1. Buganda rose from a small entity of three counties to a large state by military conquest, surrender or colonization initially with the help of guns supplied by Arab traders in exchange for slaves and ivory captured from conquered territories and peoples. When Britain arrived on the scene Buganda was still in the process of consolidating what it had acquired that gave Buganda ten counties. Without British support, Buganda would probably have lost some territories as Bunyoro was regaining what it had lost.
2. As a reward for helping to conquer and colonize Bunyoro, Britain handed over Bunyoro colonized territories and peoples to Buganda raising the number of counties from ten to twenty. These colonized Bunyoro territories and peoples were included in the 1900 Uganda Agreement. Bunyoro has never accepted loss of her territories and peoples which technically remain colonial entities still in search of self-determination, witness Buruli and Bugerere. The Fourth Committee of the United Nations General Assembly has mandate to receive requests from people and territories seeking self-determination, so the door is still open for the issue of self-determination to be raised and may receive a positive hearing as the issue of human rights and fundamental freedoms is on the front burner at the United Nations General Assembly.
3. On December 14, 1960 the United Nations General Assembly adopted resolution 1514 (XV) titled “The Right of Self-Determination: Declaration on Granting of Independence to Colonial Countries and Peoples”. The resolution recognized “that the peoples of the world ardently desire the end of colonialism in all its manifestations”. It adds that “All peoples have the right to self-determination; by virtue of that right they freely determine their political status and freely pursue their economic, social and cultural development”. Baganda should take this resolution seriously into account as we debate how Uganda should be governed in post-NRM period.
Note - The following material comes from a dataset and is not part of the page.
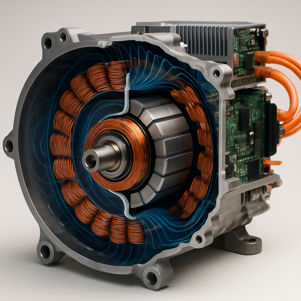 Moderna elbilsmotorer använder trefalslindningar som ger jämn kraftöverföring. Det här liknar principen i industriella elektromotorer men optimerad för fordonsdrift. Temperaturhantering är kritisk – statorn kyls vanligtvis med vätska för att bibehålla optimal prestanda.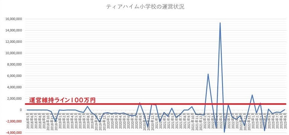ティアハイム小学校の毎月の運営維持ラインは100万円です。40匹の猫達の暮らしと健康を守り、施設の家賃や光熱費を払い、スタッフの生活を守るための給料を確保できるのが運営維持ラインです。上のグラフを見て分かる様に、ほぼ達成できておりません。

All options except secession should be on the table so that Ugandans exercise their political, civil, economic, social and cultural rights.
4. Buganda should try to understand why Amin split Masaka from Buganda and attached it to Southern Province comprising South and North Kigezi; West and East Ankole; and South and North Masaka with the provincial headquarters at Mbarara and divided the rest of Buganda into Buganda Province and Central Province.
5. Buganda given its strategic location and historical developments as the seat of the colonial and subsequently of independent Uganda and as Uganda’s economic growth pole whose leaders and experts later were sympathetic to refugees from troubled neighboring countries and beyond and settled them on Buganda soil and appear to have acquired a permanent status has become a melting pot. The expansion of Greater Kampala has eaten deep into Mengo and Masaka indigenous population is probably less than fifty percent. Luwero Triangle lost some 700,000 people (half of the population in the area) during the guerrilla war and new people have occupied much of Buganda land and continue to do so at breakneck speed while we watch.
Given these difficult developments it is advisable that Buganda learns lessons from countries in more or less similar situation why some have managed to cling together while others have disintegrated.
1. Ethiopia expanded by conquering neighboring territories including Sidamo, Oromo and Ogaden. Through a carefully crafted federal constitution Ethiopia is still one country.
2. Jordan with more than half of its population being Palestinian refugees has managed to forge a governance system that has kept the country together.
On the other hand:
3. Yugoslavia failed to keep different groups together and collapsed.
4. The Soviet Union failed to keep different groups together and disintegrated.
Out of these lessons Baganda and other Ugandans should come together during the post-NRM transitional government UDU proposed and adopted by The Hague Process (THP) and debate and agree on how they want to be governed while keeping Uganda together as one country.